==== Provided data ====

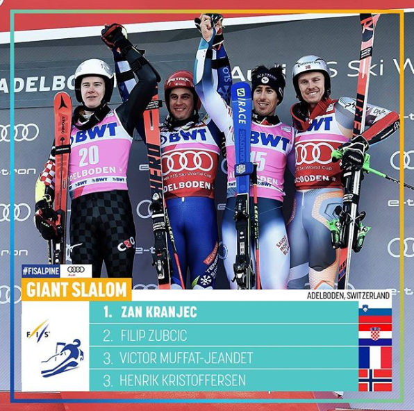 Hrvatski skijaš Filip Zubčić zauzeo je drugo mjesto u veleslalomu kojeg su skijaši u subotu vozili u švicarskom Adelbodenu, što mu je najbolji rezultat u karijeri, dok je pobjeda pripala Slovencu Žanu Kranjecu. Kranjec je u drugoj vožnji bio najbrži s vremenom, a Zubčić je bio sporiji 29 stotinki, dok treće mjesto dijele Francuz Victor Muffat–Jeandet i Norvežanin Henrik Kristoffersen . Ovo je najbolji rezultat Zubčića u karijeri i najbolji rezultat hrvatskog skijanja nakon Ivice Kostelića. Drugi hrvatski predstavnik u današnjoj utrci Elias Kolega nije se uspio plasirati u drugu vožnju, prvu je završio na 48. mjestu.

====
==== Provided data ====

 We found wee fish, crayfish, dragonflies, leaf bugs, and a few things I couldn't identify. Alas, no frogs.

====
==== Provided data ====

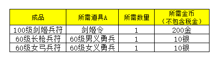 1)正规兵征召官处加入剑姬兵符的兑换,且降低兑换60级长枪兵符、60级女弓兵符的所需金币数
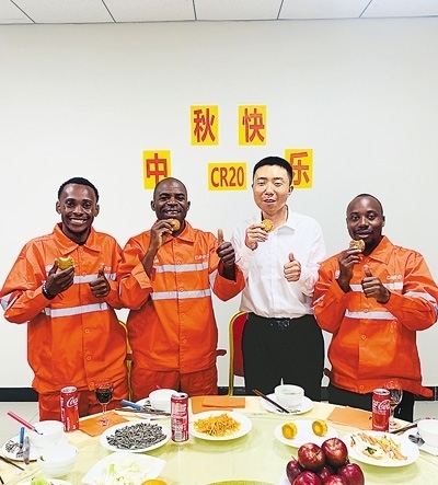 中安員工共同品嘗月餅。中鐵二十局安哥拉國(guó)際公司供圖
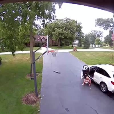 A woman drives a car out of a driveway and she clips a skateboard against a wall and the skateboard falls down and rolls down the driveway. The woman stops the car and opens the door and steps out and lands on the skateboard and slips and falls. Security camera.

====

Print, exactly, each line above from the one with "1)正规兵征召官处加入剑姬兵" to the one with "中安員工共同品嘗月餅。中鐵二十局安哥拉國(guó)際公司供圖", end lines included. Leave pictures out of it.

■ Exercise response:
 1)正规兵征召官处加入剑姬兵符的兑换,且降低兑换60级长枪兵符、60级女弓兵符的所需金币数
 中安員工共同品嘗月餅。中鐵二十局安哥拉國(guó)際公司供圖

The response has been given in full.